In our estimation, the case of C.I.L. represents a potential case of distributive compromise. Assuming that the C.I.L. will go ahead as planned, conflicting parties only have two stark options: a mitigated version of the original plan, where the environmental impacts are diminished as discussed, or the “skirting” plan, where “zero-impact” on the CCNR is presumed at the expense of incurring higher project cost and complications. On one hand, if conflicting parties go with the original plan, then moderate and potential harm to the CCNR has to be conceded. While this may appear only as a direct harm imposed on the non-human species and ecosystems within the CCNR, this harm in reality is likely to translate into some form of compromised ecosystem services, and the potential and irreversible loss of precious natural heritage—a hard-to-determined but probable cost to be exacted on every stakeholder in Singapore. On the other hand, if conflicting parties go with the “skirting” plan, then planners will face a no less daunting reality—one characterized by more complex engineering, coupled with a complicated process of land acquisitions, which in turn would entail new and protracted conflicts with home and business owners whose properties are being acquired for the project. This “skirting” plan will also likely impose increased taxation of some form on every stakeholder in Singapore in order to compensate for the additional project costs. Either way, certain concessions will be unavoidable. Short of dismissing the entire C.I.L. project, some kind of distributive compromises will have to be made.

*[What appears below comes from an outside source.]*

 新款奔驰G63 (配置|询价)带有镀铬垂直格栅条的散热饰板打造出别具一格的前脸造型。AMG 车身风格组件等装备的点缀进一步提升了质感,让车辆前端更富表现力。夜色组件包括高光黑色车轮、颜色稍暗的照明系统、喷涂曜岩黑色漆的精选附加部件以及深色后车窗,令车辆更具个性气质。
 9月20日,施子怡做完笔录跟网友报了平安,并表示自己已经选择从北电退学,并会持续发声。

And unlike the previous case where integrative compromise could be found, no foreseeable technological innovation is anticipated to integrate the pronounced differences here. This anticipation is cast into sharper relief by the realization that the natural environment and the ecologies embodied in the CCNR are indivisible entities—compromising one part is likely as good as harming the whole. While the definition of environmental harm is admittedly often ambiguous (Beatley, 1994: 56–57), certain ecological harms, once imposed, are, however, also irreversible (e.g. the decline of the intertidal flats in the previous case). Therefore, opponents of the original plan are not likely to view the CCNR as interests where compromises can be found; rather, they would view any risks and threats to the CCNR as an impossible compromise of their principles. Hence, if there are any compromises to be found, then they have to be found in some version of the “skirting” plan. Where a conflict of principles is concerned, but where a compromise has to be found to resolve the conflict, conflicting parties tend to look for other interests where compromises could be found (Benjamin, 1990). As discussed, such interests tend to reside in clearly calculable and readily monetized considerations, such as additional project costs, increased commuting time, reduced transportation efficiencies or contentious land acquisitions. While these interests are hardly uncomplicated ones, they are at least amenable to some kind of compromise.

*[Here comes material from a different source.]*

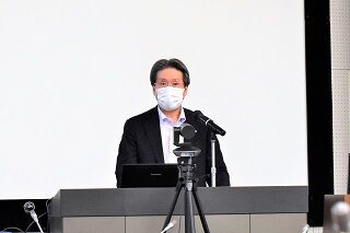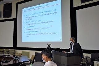 講演会では、開催に先立ち鎌土 重晴学長より挨拶を述べ、続いて大石 潔センター長からは、これまでの本学の取組とセンター構想について説明しました。その後、国立研究開発法人防災科学技術研究所 雪氷防災研究センターの上石 勲センター長と、オンラインで国立大学法人新潟大学災害・復興科学研究所の卜部 厚志副所長から各機関の取組について紹介いただき、参加者は防災・減災に関する理解を深めることができました。

Specifically then, how should one think about the ethical compromise here? As much as this case contextualizes the distributive compromise, it also reveals that no “win-win” settlement is possible for certain conflicts. To force a “win-win” settlement here by giving one party a less fragmented forest and the other party a less skirting line (or fewer land acquisitions) may be as good as a “lose-lose” settlement. As argued, there are certain entities in planning that are indivisible: They cannot be divided up in order to satisfy the distributive logic of a compromise. Just as there is no clear midpoint between the choice for a hydroelectric plant and a nuclear power plant (Susskind and Cruikshank, 1987), it is also not possible to “split the difference” here on the C.I.L. To do so would simultaneously contradict environmental ethics and possibly also developmental logic—resulting in a “lose-lose” settlement, where neither interest has been effectively served and where both parties lose their quintessential outcome just to make a perfunctory gain. Therefore, it is reasonable to suggest that any ethical compromise ought to first look out for the possibilities of planning tragedies embodied in these “lose-lose” settlements.

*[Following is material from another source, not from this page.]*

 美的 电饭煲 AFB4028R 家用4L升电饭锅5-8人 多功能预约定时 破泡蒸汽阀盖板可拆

To say the least, this kind of “lose-lose” settlement violates the very consequentialist ethics that has to preface every compromise, especially when a compromise is seen as the only practical option left to resolve the conflict. In view of this pitfall, making an ethical compromise here also means agreeing to a deontological recognition and definition on what should not be compromised (Margalit, 2010)—in this case, the CCNR. And from here, to seek out areas or interests where compromises could be found. On this point, all fruitful negotiations begin by highlighting what is possible and fencing off what cannot be consensually dealt with (Gualini, 2015: 190). Therefore, there is no contradiction between establishing what is non-negotiable first and trying to attain a fruitful and constructive negotiation. But how would one know what these deontological principles are pertaining to what should not be compromised? Specifically in this case, what cannot be amended by either reparation or restitution (Schweitzer, 2016)—assuming that ecological restoration is not a real option (see Katz, 2012)—ought to be considered principles that indicate what should not be compromised.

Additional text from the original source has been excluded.